PROBLEM TO WORK ON
Don't include any picture when you restate the data word for word.

RECORDED DATA
===============

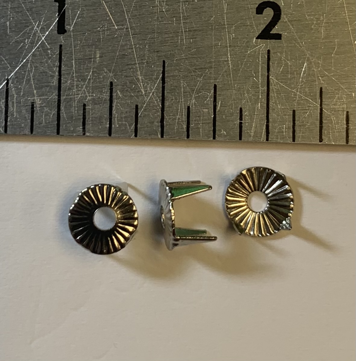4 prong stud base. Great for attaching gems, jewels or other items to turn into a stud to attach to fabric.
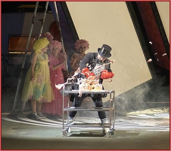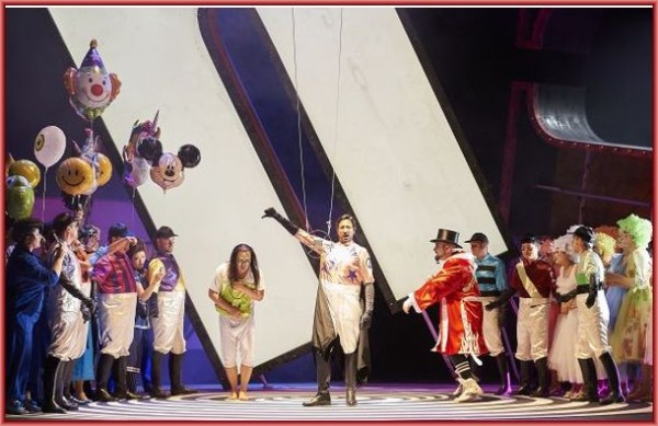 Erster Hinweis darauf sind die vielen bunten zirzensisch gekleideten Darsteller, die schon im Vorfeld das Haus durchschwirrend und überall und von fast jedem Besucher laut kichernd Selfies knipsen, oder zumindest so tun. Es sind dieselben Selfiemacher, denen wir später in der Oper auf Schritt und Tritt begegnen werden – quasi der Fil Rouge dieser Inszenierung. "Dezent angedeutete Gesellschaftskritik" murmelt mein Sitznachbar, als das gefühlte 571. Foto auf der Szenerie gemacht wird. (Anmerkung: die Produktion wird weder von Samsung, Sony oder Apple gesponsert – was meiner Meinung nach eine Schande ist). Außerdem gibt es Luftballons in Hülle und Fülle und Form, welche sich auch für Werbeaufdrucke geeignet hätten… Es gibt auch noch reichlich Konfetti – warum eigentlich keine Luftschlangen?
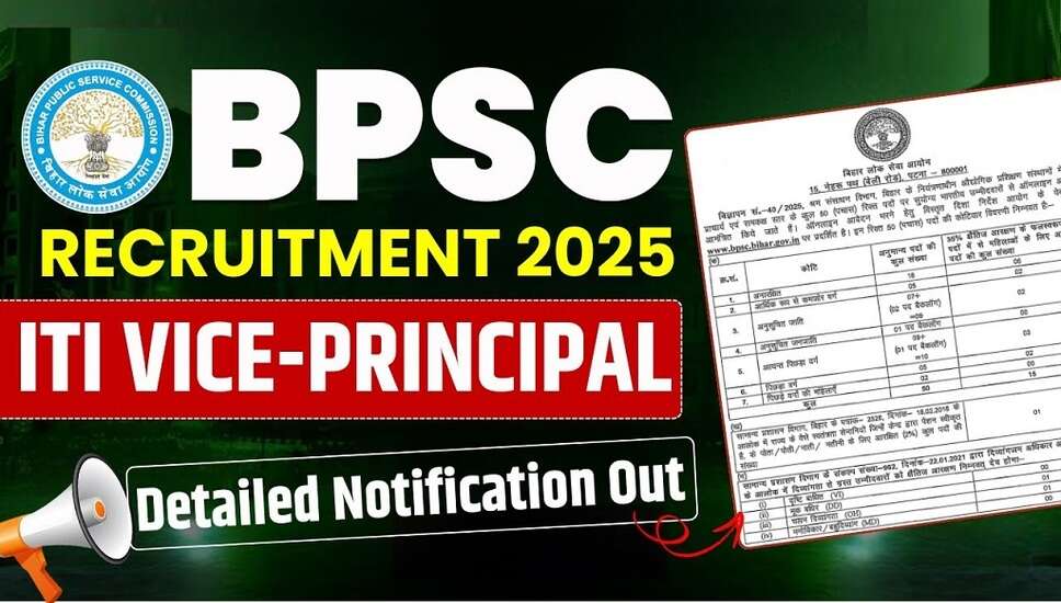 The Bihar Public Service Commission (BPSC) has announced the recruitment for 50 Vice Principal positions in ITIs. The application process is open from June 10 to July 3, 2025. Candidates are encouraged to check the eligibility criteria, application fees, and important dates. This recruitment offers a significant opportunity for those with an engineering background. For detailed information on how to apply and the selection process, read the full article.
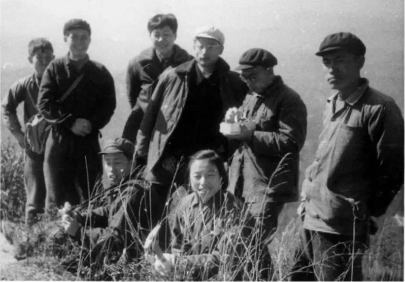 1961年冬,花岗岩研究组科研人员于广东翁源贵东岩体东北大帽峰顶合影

===============

REPLY
4 prong stud base. Great for attaching gems, jewels or other items to turn into a stud to attach to fabric.
 Erster Hinweis darauf sind die vielen bunten zirzensisch gekleideten Darsteller, die schon im Vorfeld das Haus durchschwirrend und überall und von fast jedem Besucher laut kichernd Selfies knipsen, oder zumindest so tun. Es sind dieselben Selfiemacher, denen wir später in der Oper auf Schritt und Tritt begegnen werden – quasi der Fil Rouge dieser Inszenierung. "Dezent angedeutete Gesellschaftskritik" murmelt mein Sitznachbar, als das gefühlte 571. Foto auf der Szenerie gemacht wird. (Anmerkung: die Produktion wird weder von Samsung, Sony oder Apple gesponsert – was meiner Meinung nach eine Schande ist). Außerdem gibt es Luftballons in Hülle und Fülle und Form, welche sich auch für Werbeaufdrucke geeignet hätten… Es gibt auch noch reichlich Konfetti – warum eigentlich keine Luftschlangen?
 The Bihar Public Service Commission (BPSC) has announced the recruitment for 50 Vice Principal positions in ITIs. The application process is open from June 10 to July 3, 2025. Candidates are encouraged to check the eligibility criteria, application fees, and important dates. This recruitment offers a significant opportunity for those with an engineering background. For detailed information on how to apply and the selection process, read the full article.
 1961年冬,花岗岩研究组科研人员于广东翁源贵东岩体东北大帽峰顶合影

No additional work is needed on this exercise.